Confession: The Secret JLL Incident

It was, as I remember, late spring 1965, Tulsa, Oklahoma.


I was in my room after school. In the background the radio was playing something from that week’s Top 40.


In Tulsa at the time there were two Top 40 radios stations that were popular with ‘the kids’. Both were AM stations, FM as a popular broadcast medium was almost a decade away.

The two stations were rivals, particularly in the 1960s. Rivals for audience and rivals for advertising sales. The latter being the official reflection of audience listenership, i.e., ratings and the basis for the price of advertising time.
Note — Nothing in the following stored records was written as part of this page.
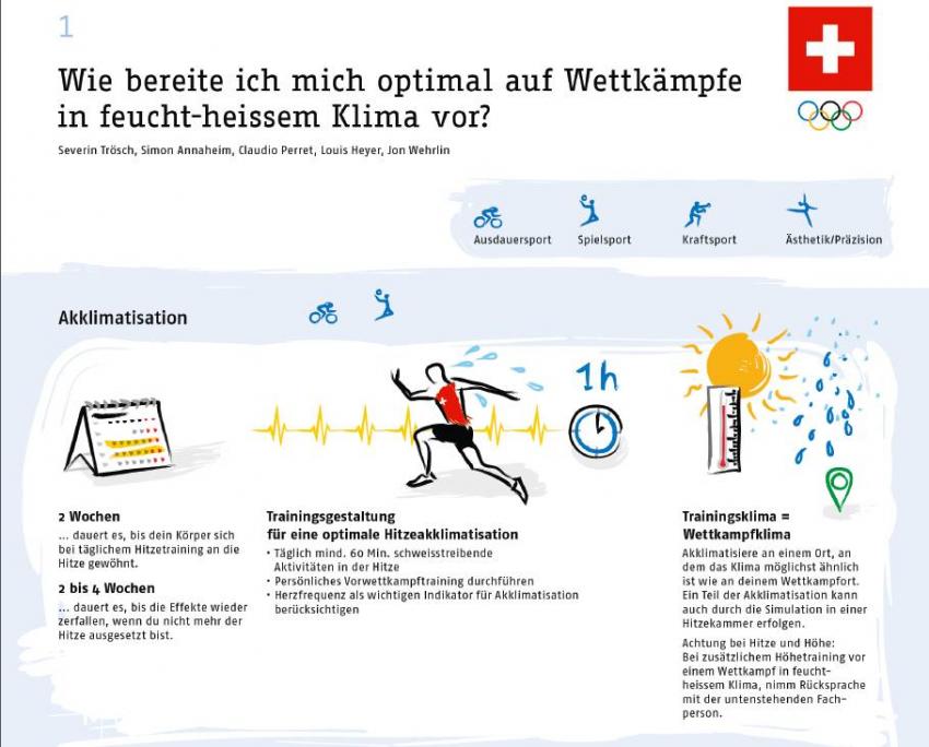 Darin geht es z.B. um die klimatischen Bedingungen, die die Athlet/in bei den Olympischen Spielen in Tokyo erwarten und um Massnahmen, um bei Reisen die Folgen von Jetlag zu minimieren.
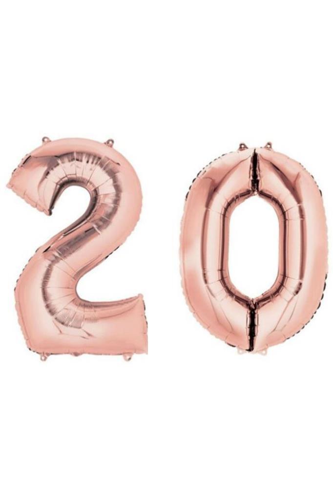 Rakam Folyo Balon 80 cm boyutunda rose gold rengi 2 ve 0 rakamlar.
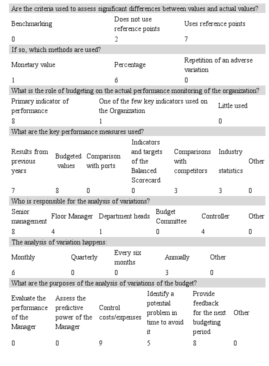 To improve the analysis and to better understand the differences in the results in relation to national and international studies, a semi-structured interview was held with those responsible for coordinating the budgeting process of the ports. The results demonstrate that the ports employ partial practices, however, some can be highlighted.
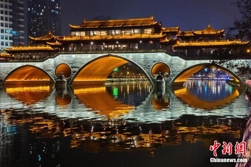锦江夜行、锦江夜恋、国风集市等丰富多彩的活动带动锦江两岸夜间经济发展,共同点亮锦江沿线夜间烟火气。跌宕起伏的音乐效果和婀娜多姿的汉服表演,将游客拉入梦幻绚丽的千年画卷中。(图片来源:中新网)
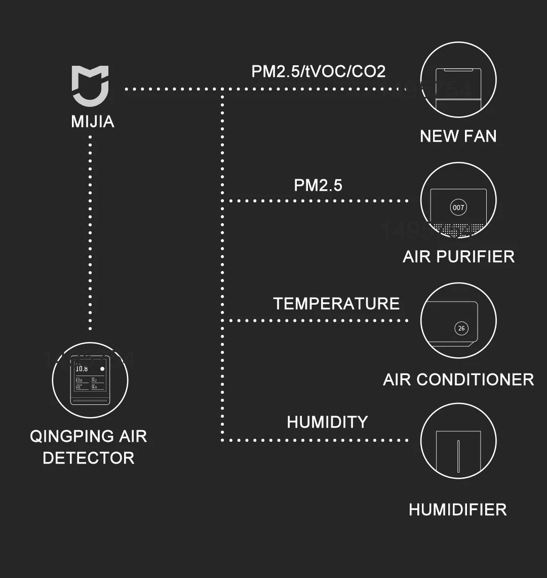 Qingping air detector is the best partner of Xiaomi Mijia air improvement equipment. Through the Mijia app, you can set the Qingping air detector to link a variety of fresh air fans, air purifiers, air conditioners, electric fans, and humidifiers. Once the temperature or humidity, PM2.5, tVOC, or carbon dioxide reaches the set value, it will automatically turn on or Turn off related equipment.
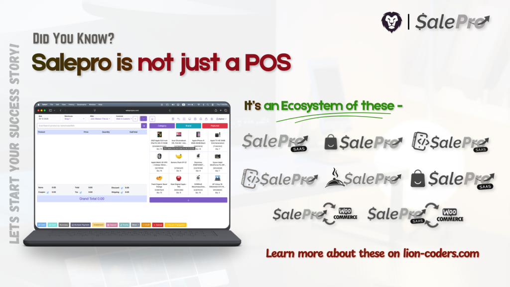 SalePro SaaS is a multi-tenant SaaS version of SalePro, built for entrepreneurs, agencies, and companies who want to offer POS as a subscription service.
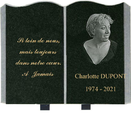 Livre 30x23 granit kinawa, sur socle granit avec gravures bronze et texte identité du défunt,
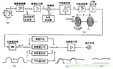 其電路結(jié)構(gòu)類似于半導體收音機。測量時先將測量儀調(diào)諧,對準某個頻率fi。該頻率經(jīng)高頻衰減器和高頻放大器后進人混頻器,與本地振蕩器的頻率fl混頻,產(chǎn)生很多混頻信號。經(jīng)過中頻濾波器以后僅得到中頻f0=fl-fi。中頻信號經(jīng)中頻衰減器、中頻放大器后,由包絡檢波器進行包絡檢波,濾去中頻得到其低頻包絡信號A(t)。A(t)再進一步進行加權(quán)檢波,加權(quán)可根據(jù)需要獲得A(t)的峰值(Peak)、有效值(rms)、平均值(Ave)或準峰值(QP),這些值經(jīng)低頻放大后可推動電表指示。測量前如果用校準信號發(fā)生器的信號進行預先校準, 則可以直接讀數(shù)。騷擾信號的讀數(shù)等效于正弦信號的有效植。

The advertising term is ‘cost per thousand’, it was used to determine the ‘advertising rate’ one could command for a ten second, thirty second, or one minute commercial.


KAKC 970 AM was the big dog in town, especially with teens.


When my father took over as General Manager of rival KELi 1430, in the early 1960s, the competition got serious.

In the broadcast medium, stations lived or died by the quarterly Neilson ratings periods: winter, spring, summer, and fall.

With my father’s entertainment, business and sales savvy KELi soon began to weaken the ratings hold of KAKC on Tulsa and surrounds as #1.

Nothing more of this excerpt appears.